* EXERCISE GOAL
Transcribe the records that follow in their entirety, omitting any pictures.

[Extracted data entries]
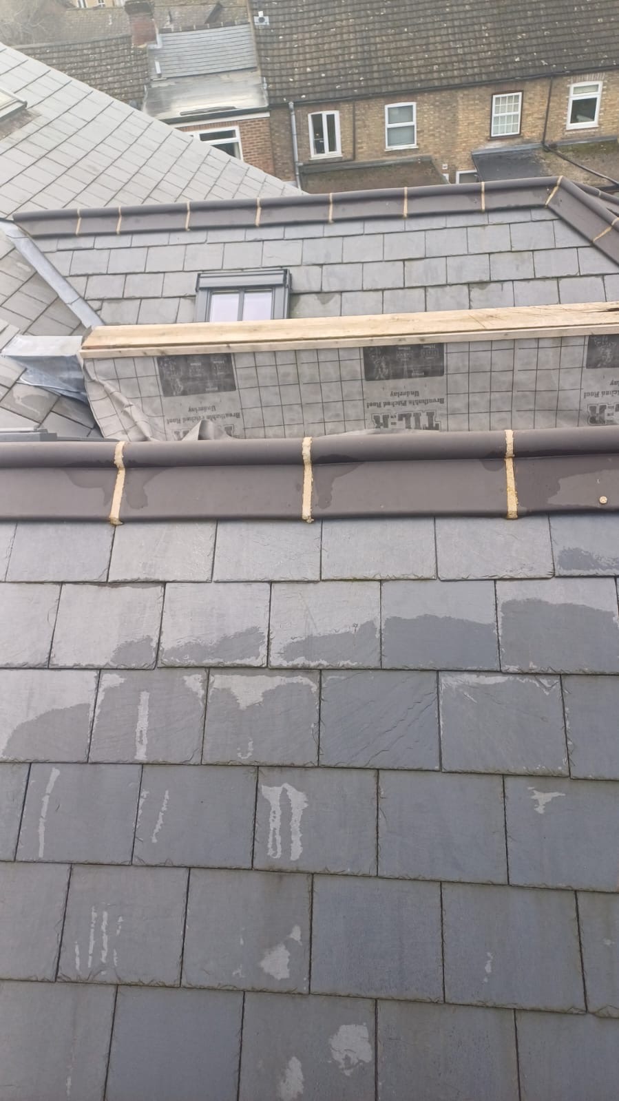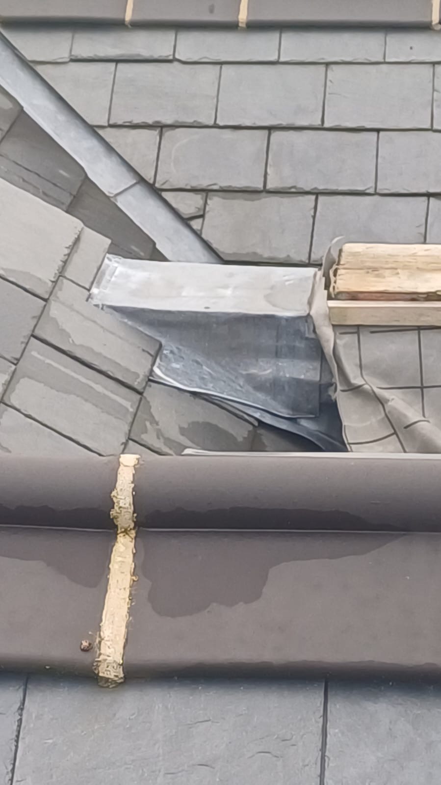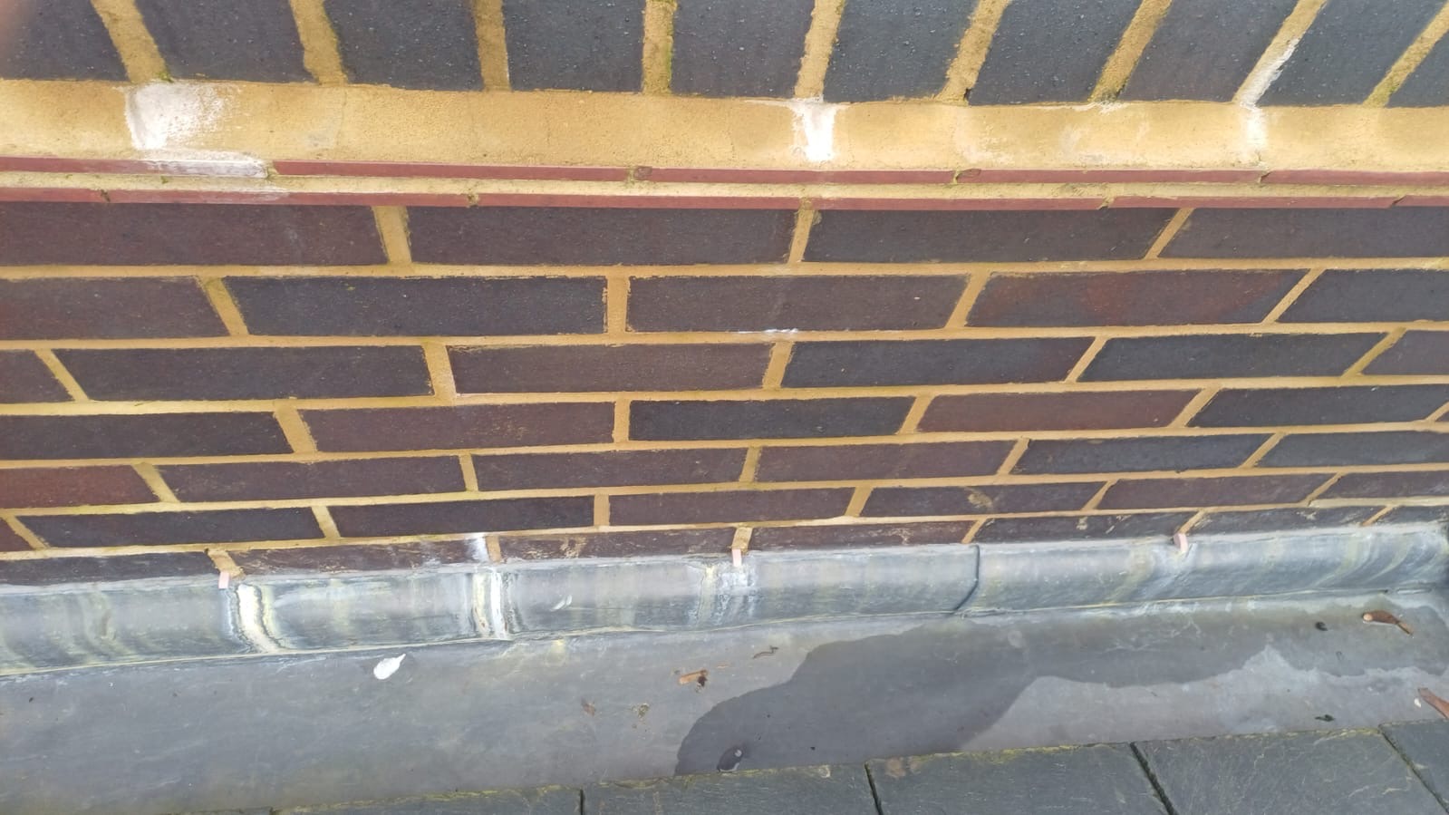 On the pitched roof the Lead work is wrong; there should be 'Soakers' on each course of tiles Lead should not be over tiles. The roofer has cut the Step flashing in nicely so seems strange that he laid the lead over the tiles instead of using soakers. Without soakers water will track sideways and into the wall. See
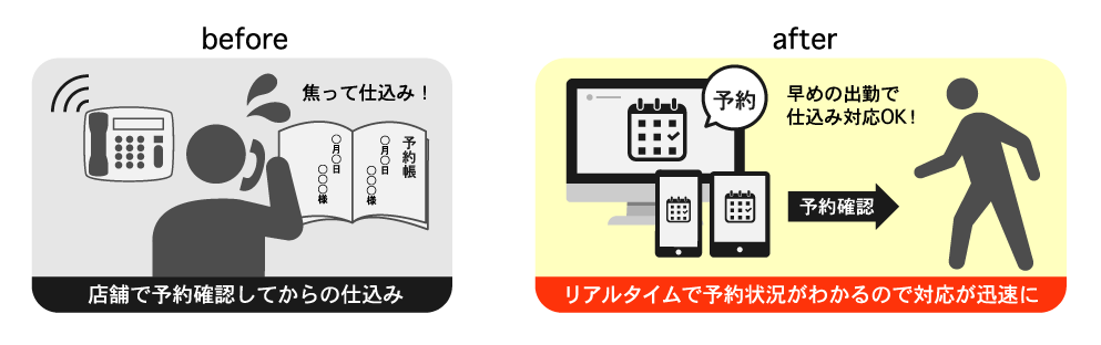 予約帳と違い、アプリでどこにいても予約状況が共有できるのがいいですね。出勤前でもその日の予約状況がわかるので、早めに出勤して仕込みを開始するなど、前もっての対応が可能になりました。入れる前は面倒に感じていましたが、実際に使ってみると「入れてよかった」と思うようになりました。お会計も、以前は手書きで計算していたのがボタン1つでできるようになり、わざわざキャッシャーができる人を用意しなくても、誰でも負担なくこなせるようになりました。
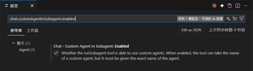 chat.customAgentInSubagent.enabled | 允許 custom agents 被其他 agent 調用 | false |
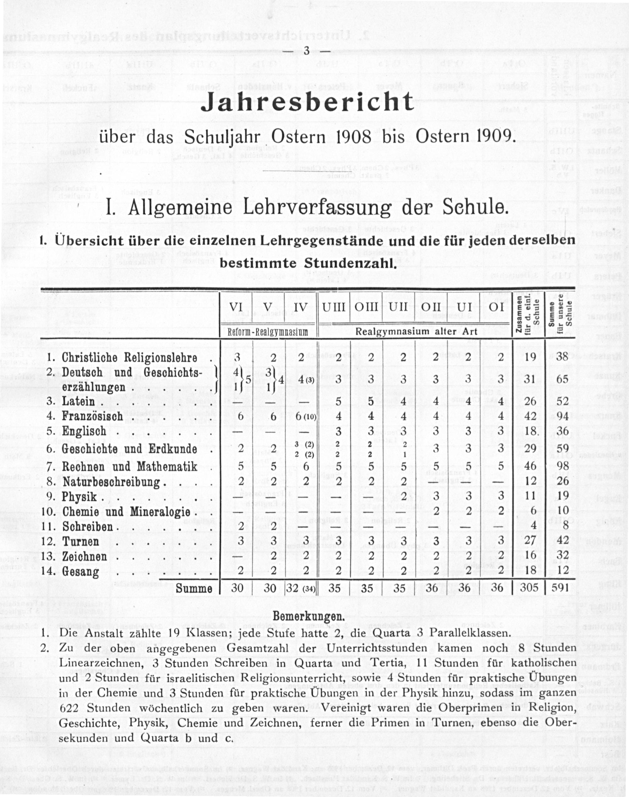 Linearzeichnen, 3 Stunden Schreiben in Quarta und Tertia, 11 Stunden für katholischen und 2 Stunden für israelitischen Religionsunterricht, sowie 4 Stunden für praktische Übungen in der Chemie und 3 Stunden für praktische Übungen in der Physik hinzu, sodass im ganzen 622 Stunden wöchentlich zu geben waren. Geschichte, Physik, Chemie und Zeichnen, ferner die Primen in Turnen, ebenso die Ober-
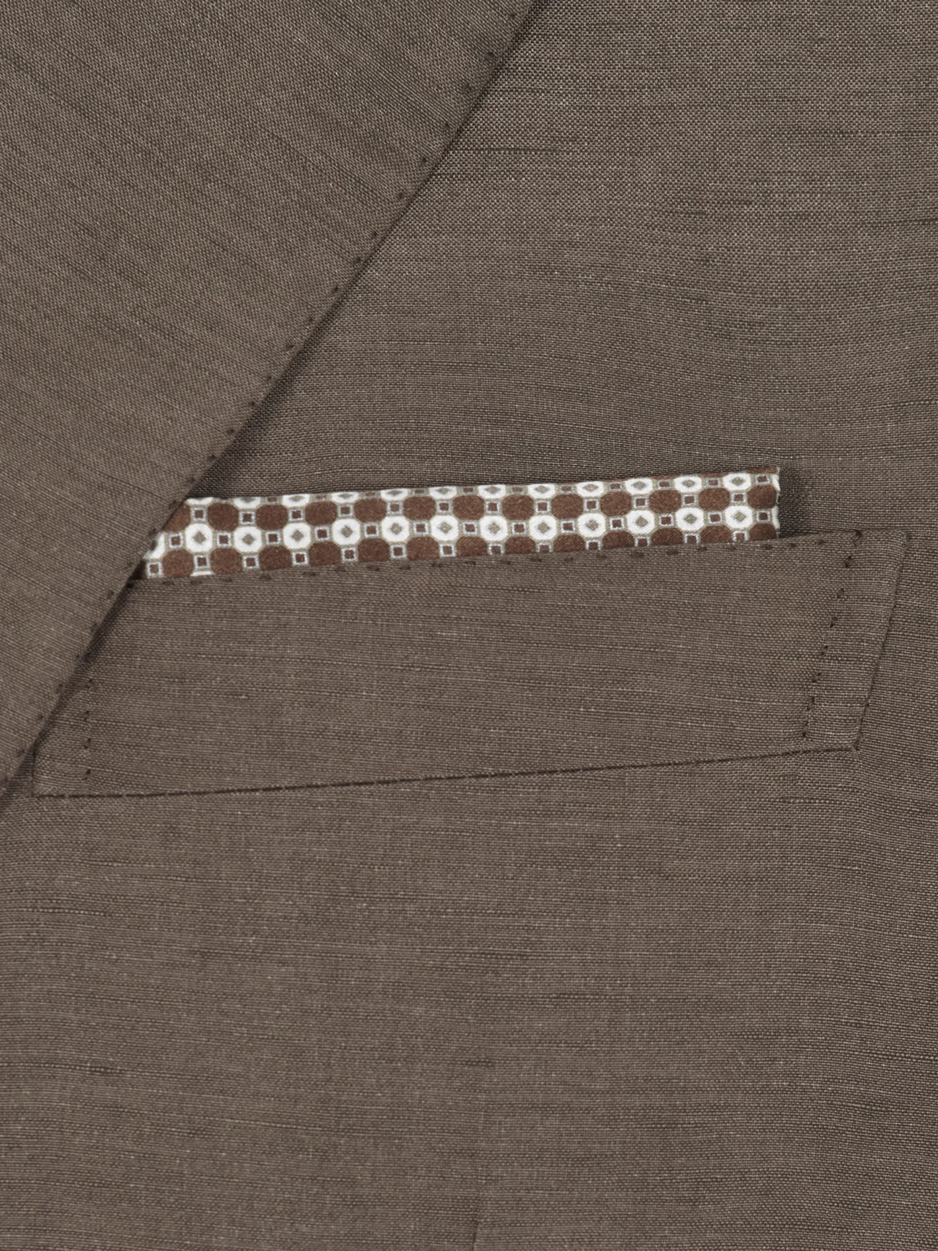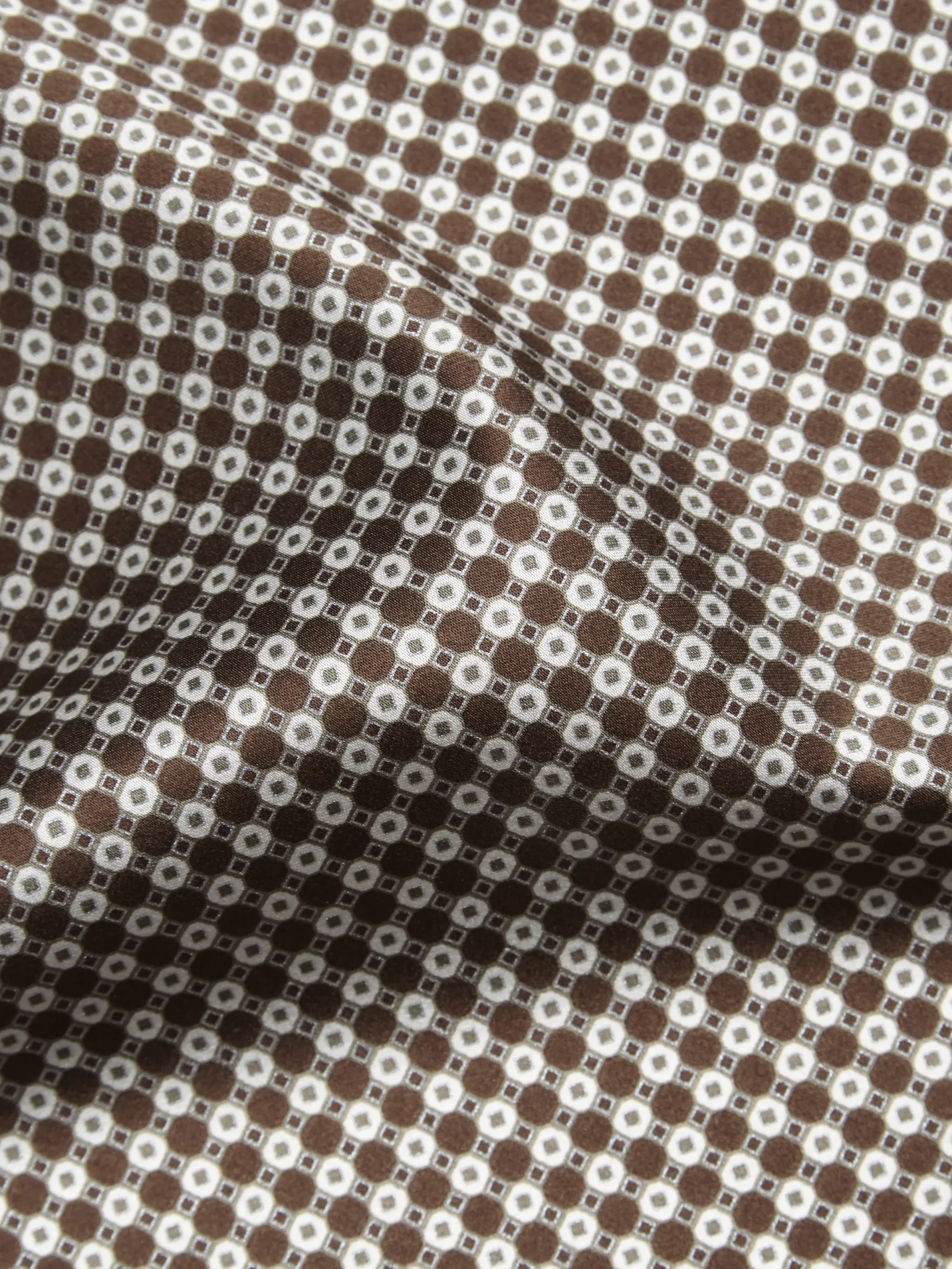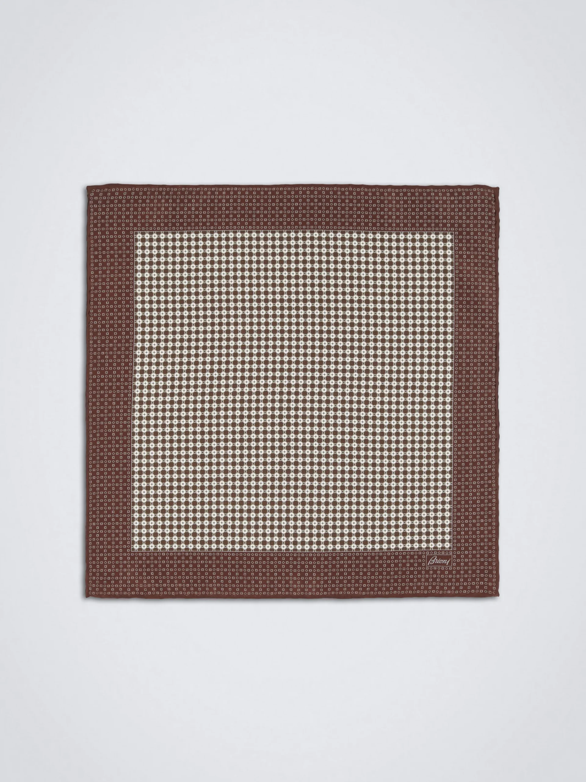 Brown pocket square in super soft silk with printed micro motif and silver pigment. The screen printed technique used to create this accessory, is made in the atelier by highly skilled artisans will allow vivid colour to seamlessly penetrate the most delicate of fabrics in intricate designs. An aesthetic and sensory joy for the contemporary gentleman.

* SOLUTION BELOW
 On the pitched roof the Lead work is wrong; there should be 'Soakers' on each course of tiles Lead should not be over tiles. The roofer has cut the Step flashing in nicely so seems strange that he laid the lead over the tiles instead of using soakers. Without soakers water will track sideways and into the wall. See
 予約帳と違い、アプリでどこにいても予約状況が共有できるのがいいですね。出勤前でもその日の予約状況がわかるので、早めに出勤して仕込みを開始するなど、前もっての対応が可能になりました。入れる前は面倒に感じていましたが、実際に使ってみると「入れてよかった」と思うようになりました。お会計も、以前は手書きで計算していたのがボタン1つでできるようになり、わざわざキャッシャーができる人を用意しなくても、誰でも負担なくこなせるようになりました。
 chat.customAgentInSubagent.enabled | 允許 custom agents 被其他 agent 調用 | false |
 Linearzeichnen, 3 Stunden Schreiben in Quarta und Tertia, 11 Stunden für katholischen und 2 Stunden für israelitischen Religionsunterricht, sowie 4 Stunden für praktische Übungen in der Chemie und 3 Stunden für praktische Übungen in der Physik hinzu, sodass im ganzen 622 Stunden wöchentlich zu geben waren. Geschichte, Physik, Chemie und Zeichnen, ferner die Primen in Turnen, ebenso die Ober-
 Brown pocket square in super soft silk with printed micro motif and silver pigment. The screen printed technique used to create this accessory, is made in the atelier by highly skilled artisans will allow vivid colour to seamlessly penetrate the most delicate of fabrics in intricate designs. An aesthetic and sensory joy for the contemporary gentleman.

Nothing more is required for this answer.